Return all of the data exactly as written, without the pictures.
=== Begin Enclosure ===
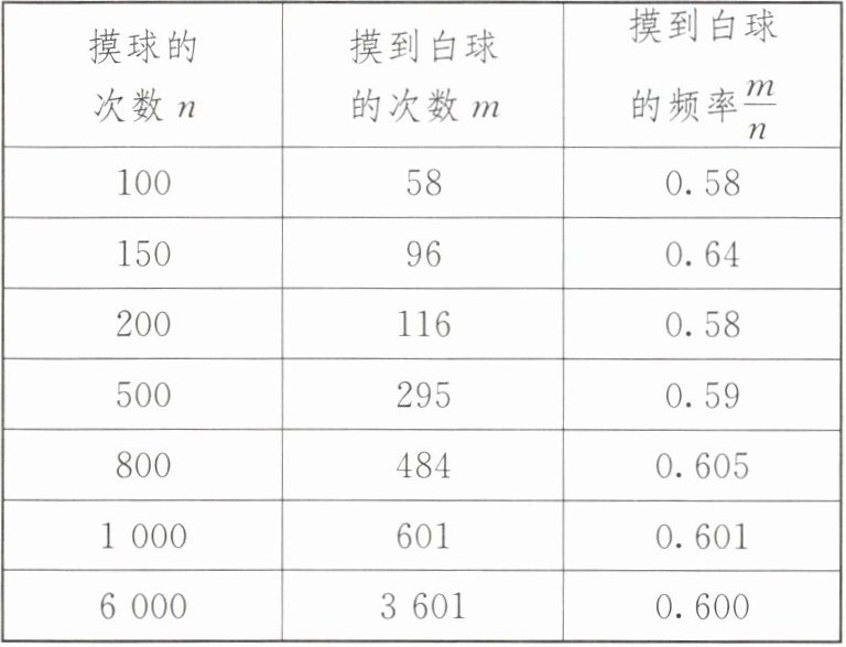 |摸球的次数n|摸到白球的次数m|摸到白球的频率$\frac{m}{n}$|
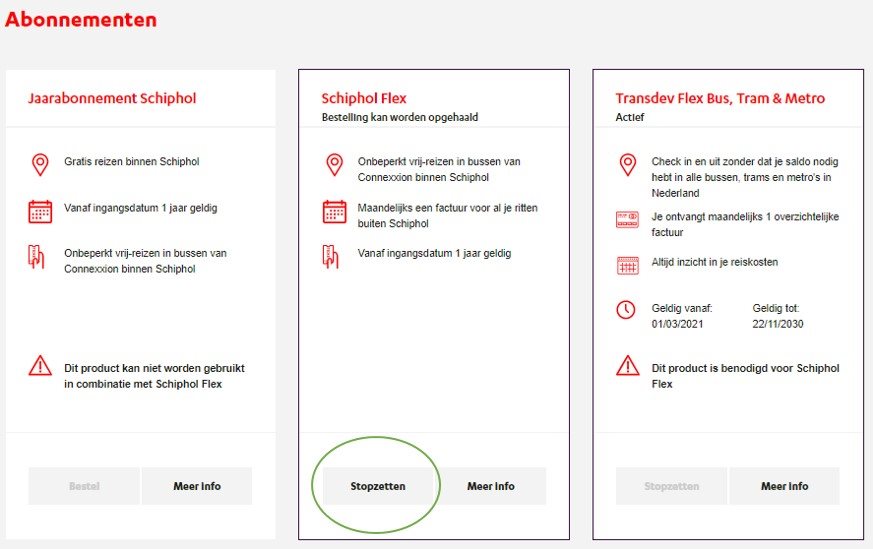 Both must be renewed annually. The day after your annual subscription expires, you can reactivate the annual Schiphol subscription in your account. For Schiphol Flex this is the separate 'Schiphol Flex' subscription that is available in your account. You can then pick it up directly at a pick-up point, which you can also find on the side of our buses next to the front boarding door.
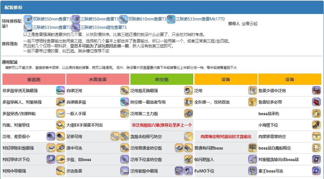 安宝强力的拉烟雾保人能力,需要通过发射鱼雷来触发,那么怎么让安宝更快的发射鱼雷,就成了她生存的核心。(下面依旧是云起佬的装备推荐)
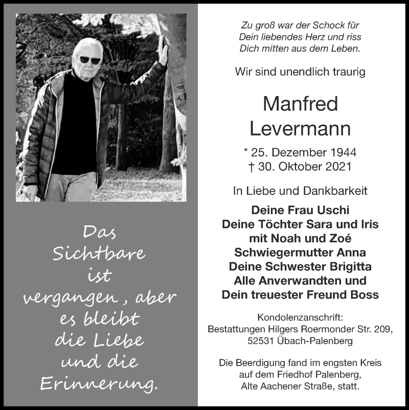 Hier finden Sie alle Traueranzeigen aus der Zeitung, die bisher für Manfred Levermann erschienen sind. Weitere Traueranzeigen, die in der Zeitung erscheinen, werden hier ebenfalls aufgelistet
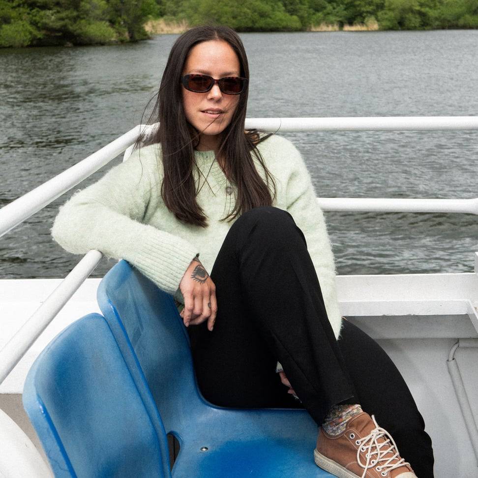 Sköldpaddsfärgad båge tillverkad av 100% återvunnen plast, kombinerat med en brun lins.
=== End Enclosure ===
> Exercise result
 |摸球的次数n|摸到白球的次数m|摸到白球的频率$\frac{m}{n}$|
 Both must be renewed annually. The day after your annual subscription expires, you can reactivate the annual Schiphol subscription in your account. For Schiphol Flex this is the separate 'Schiphol Flex' subscription that is available in your account. You can then pick it up directly at a pick-up point, which you can also find on the side of our buses next to the front boarding door.
 安宝强力的拉烟雾保人能力,需要通过发射鱼雷来触发,那么怎么让安宝更快的发射鱼雷,就成了她生存的核心。(下面依旧是云起佬的装备推荐)
 Hier finden Sie alle Traueranzeigen aus der Zeitung, die bisher für Manfred Levermann erschienen sind. Weitere Traueranzeigen, die in der Zeitung erscheinen, werden hier ebenfalls aufgelistet
 Sköldpaddsfärgad båge tillverkad av 100% återvunnen plast, kombinerat med en brun lins.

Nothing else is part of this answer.